Action item:
Write again exactly the lines in the listing below, starting at the line with "گزارش ماهیانه نقض" and ending at the line with "Высококачественная акварельная бумага", both included. Pictures are not copied.

+++ Entries supplied

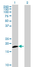 - Western Blot analysis of ZNF576 expression in transfected 293T cell line (H00079177-T01) by ZNF576 MaxPab polyclonal antibody.Lane 1: ZNF576 transfected lysate(18.7 KDa).Lane 2: Non-transfected lysate.
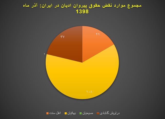 گزارش ماهیانه نقض حقوق پیروان ادیان در آذر ماه ۱۳۹۸
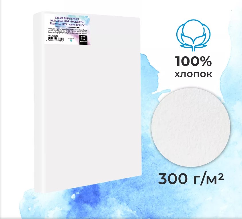 Высококачественная акварельная бумага является обязательным для всех художников и любителей акварельной живописи. Изготовленная из 100% хлопка, отлично держит воду, стойка к вымыванию и стиранию. Благодаря своему составу эта бумага гарантирует, что цвета останутся яркими и не пожухнут. Хлопковая бумага обеспечивает отличные возможности для смешивания оттенков, долго удерживает влагу. Может выдерживать несколько слоев краски без деформации или изгиба.
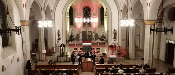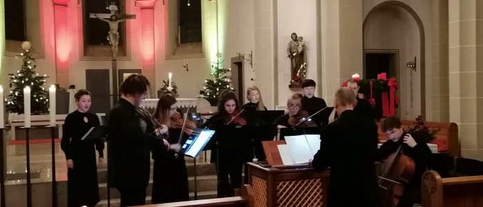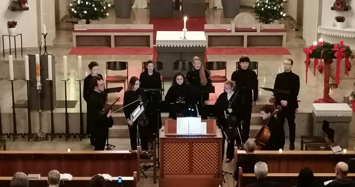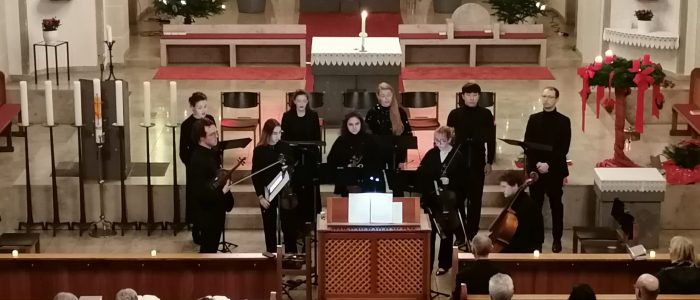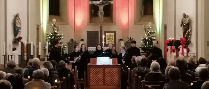 Die Aktion Kultur Heusweiler hatte zur Gestaltung ihres diesjährigen Adventskonzerts zwei Ensembles mit Studierenden der Hochschule für Musik Saar für den 11. Dezember in die kath. Kirche St. Josef in Holz eingeladen. Das Barockensemble unter der Leitung von Mechthild Blaumer sowie das Vokalensemble unter der Leitung von Lutz Gillmann, der zugleich die Gesamtleitung des Konzerts innehatte, präsentierten ein großartiges adventliches Programm mit Werken des französischen und deutschen Barock. An der Aufführung waren insgesamt elf Musikerinnen und Musiker beteiligt, darunter fünf Streicher sowie fünf Sängerinnen und Sänger.
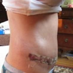我今年40岁,两个孩子的妈,肚子上的皮肤很松弛。10个月前我做了腹壁整形手术来修复腹部肌肉,但是留下了很长很明显的疤痕,而且颜色还偏红,大概有2厘米厚。
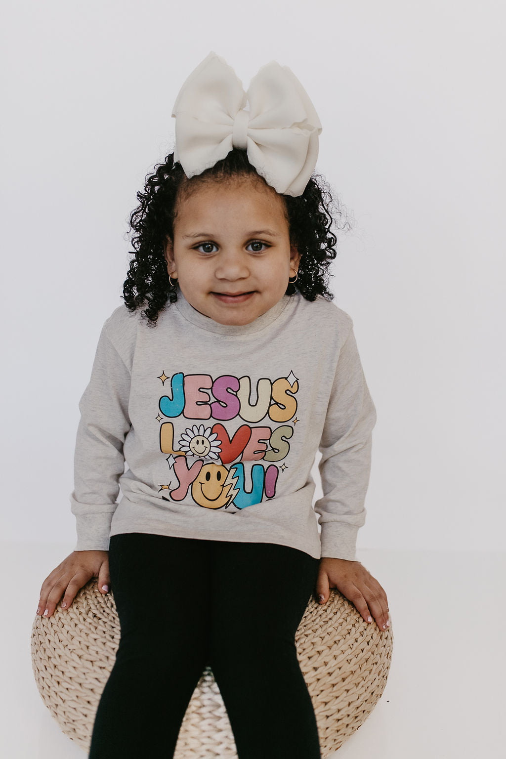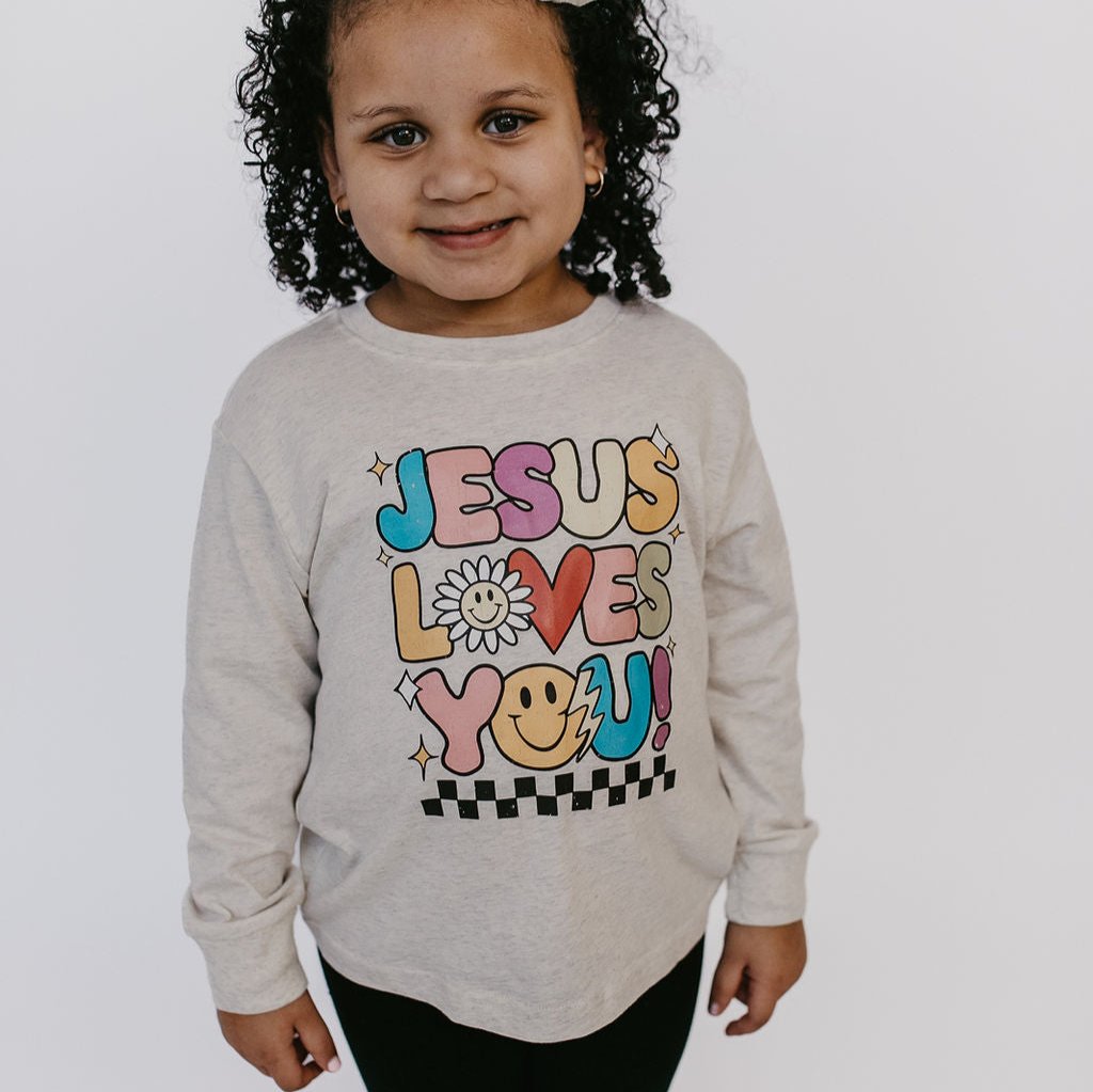 Wrap your little one in love with our "Jesus Loves You" toddler t-shirt! Featuring a sweet and timeless message, this adorable tee is perfect for all seasons. With its long sleeves, it's ideal for those crisp fall days, offering both warmth and style. Made from soft, breathable fabric, this shirt ensures all-day comfort for your active toddler while sharing a message of love and faith.
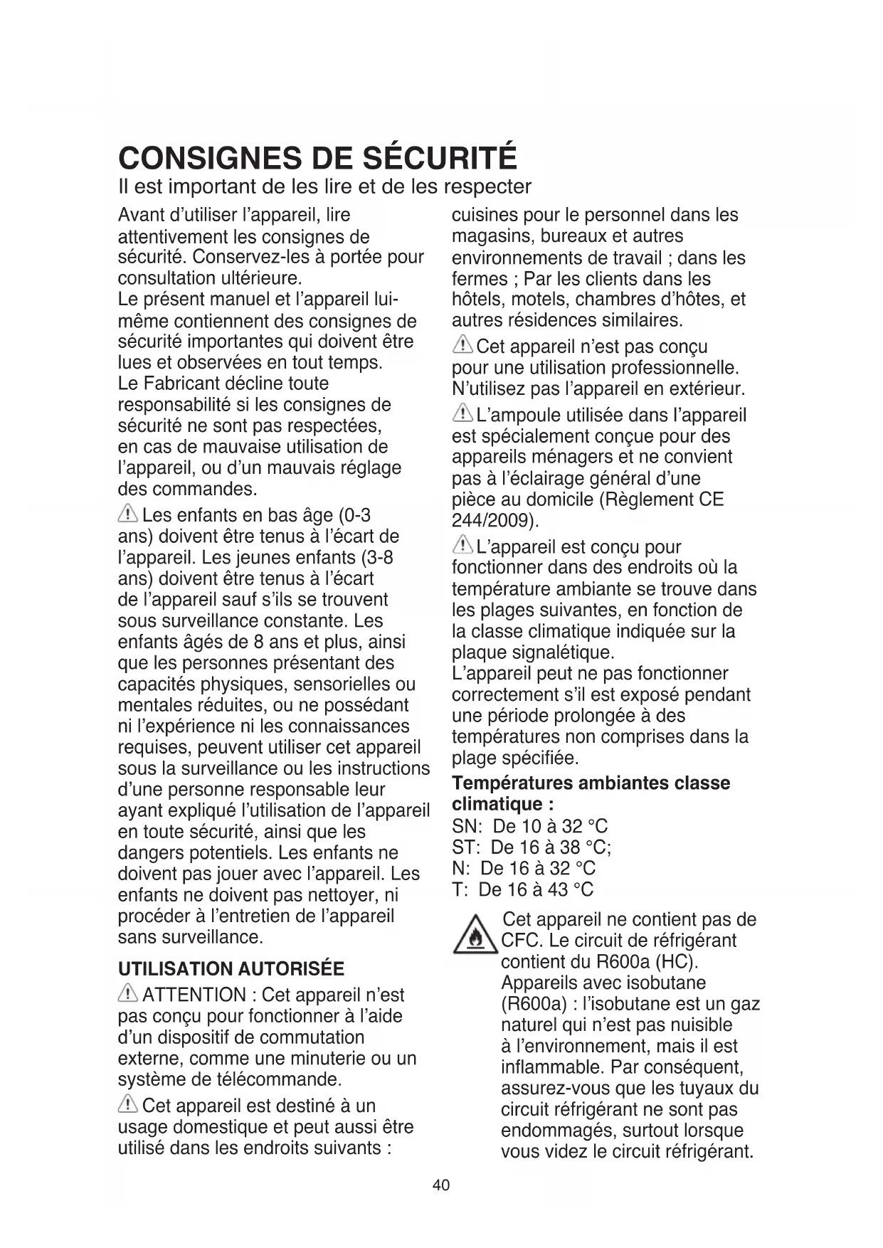 ATTENTION : Cet appareil n’est pas conçu pour fonctionner à l’aide d’un dispositif de commutation externe, comme une minuterie ou un système de télécommande. Cet appareil est destiné à un usage domestique et peut aussi être utilisé dans les endroits suivants : cuisines pour le personnel dans les magasins, bureaux et autres environnements de travail ; dans les fermes ; Par les clients dans les hôtels, motels, chambres d’hôtes, et autres résidences similaires. Cet appareil n’est pas conçu pour une utilisation professionnelle. N’utilisez pas l’appareil en extérieur. L’ampoule utilisée dans l’appareil est spécialement conçue pour des appareils ménagers et ne convient pas à l’éclairage général d’une pièce au domicile (Règlement CE 244/2009). L’appareil est conçu pour fonctionner dans des endroits où la température ambiante se trouve dans les plages suivantes, en fonction de la classe climatique indiquée sur la plaque signalétique. L’appareil peut ne pas fonctionner correctement s’il est exposé pendant une période prolongée à des températures non comprises dans la plage spéciée. Températures ambiantes classe climatique : SN: De 10 à 32 °C ST: De 16 à 38 °C; N: De 16 à 32 °C T: De 16 à 43 °C Cet appareil ne contient pas de CFC. Le circuit de réfrigérant contient du R600a (HC). Appareils avec isobutane (R600a) : l’isobutane est un gaz naturel qui n’est pas nuisible à l’environnement, mais il est inammable. Par conséquent, assurez-vous que les tuyaux du circuit réfrigérant ne sont pas endommagés, surtout lorsque vous videz le circuit réfrigérant.41
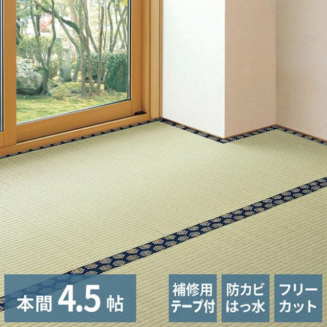 フリーカット裏付き い草カーペット 286×286cm みすず 本間4.5畳 補修テープ付き 防カビ はっ水 フリーカット カットOK 双目織 畳カバー マット 敷き詰め カーペット(代引不可)【送料無料】
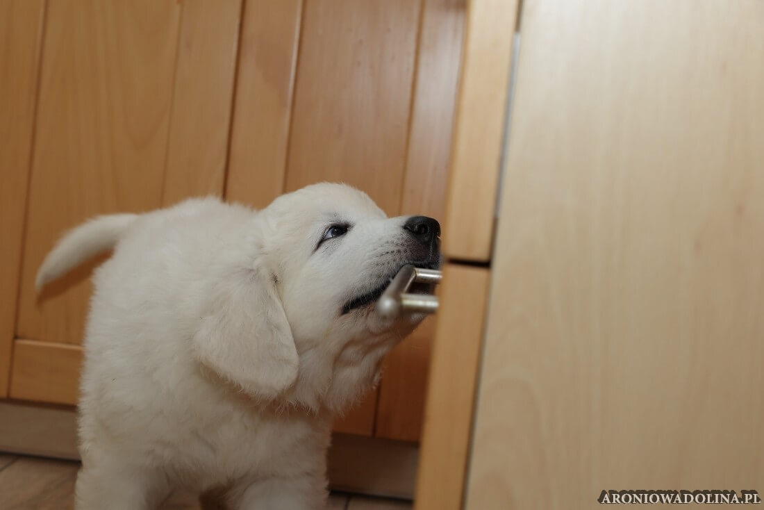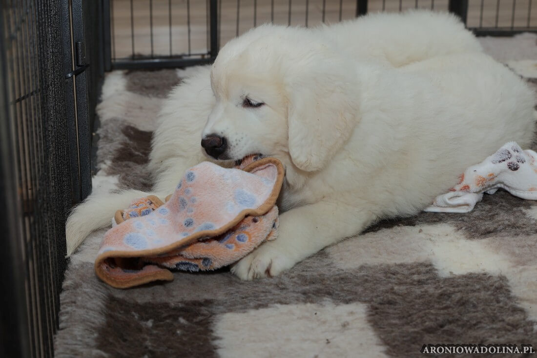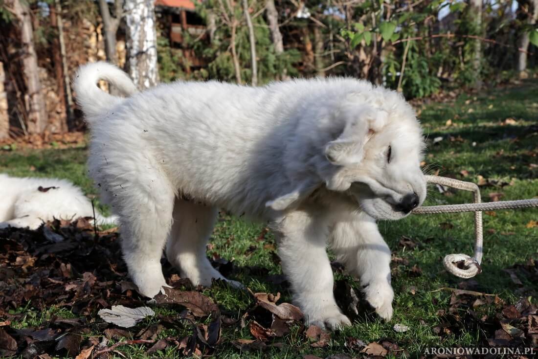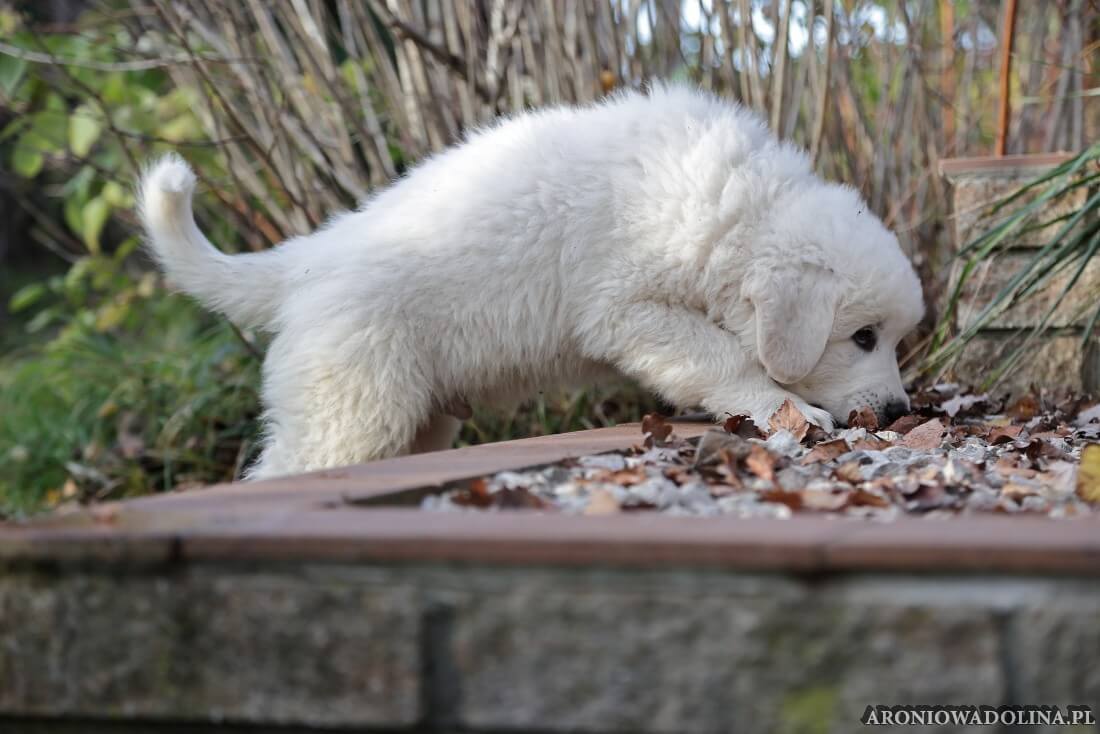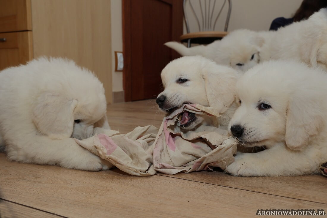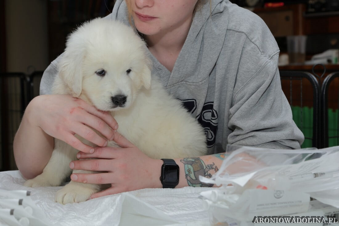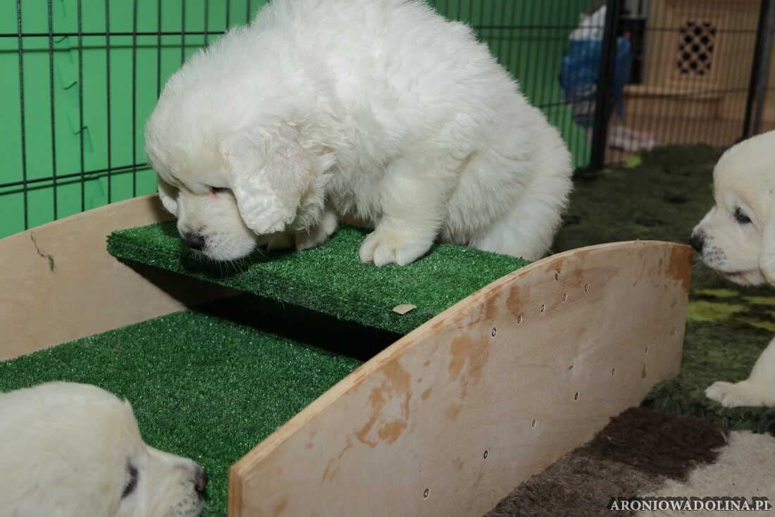 W tym okresie maluszki opuszczają kojec i zamieszkują na dużo większej przestrzeni w dużym pokoju. Piją już wodę z siemieniem lnianym i jedzą (jako przystawkę) suchą karmę. Szczeniaki owczarka podhalańskiego szczepimy, czipujemy i po raz kolejny odrobaczamy. Maluchy coraz bardziej dopominają się naszej uwagi, zabawy, pieszczot… Ząbki mają już ostre jak brzytwa i piłują nimi co tylko mogą, w tym bardzo chętnie nas

++++++

Exercise output:
 گزارش ماهیانه نقض حقوق پیروان ادیان در آذر ماه ۱۳۹۸
 Высококачественная акварельная бумага является обязательным для всех художников и любителей акварельной живописи. Изготовленная из 100% хлопка, отлично держит воду, стойка к вымыванию и стиранию. Благодаря своему составу эта бумага гарантирует, что цвета останутся яркими и не пожухнут. Хлопковая бумага обеспечивает отличные возможности для смешивания оттенков, долго удерживает влагу. Может выдерживать несколько слоев краски без деформации или изгиба.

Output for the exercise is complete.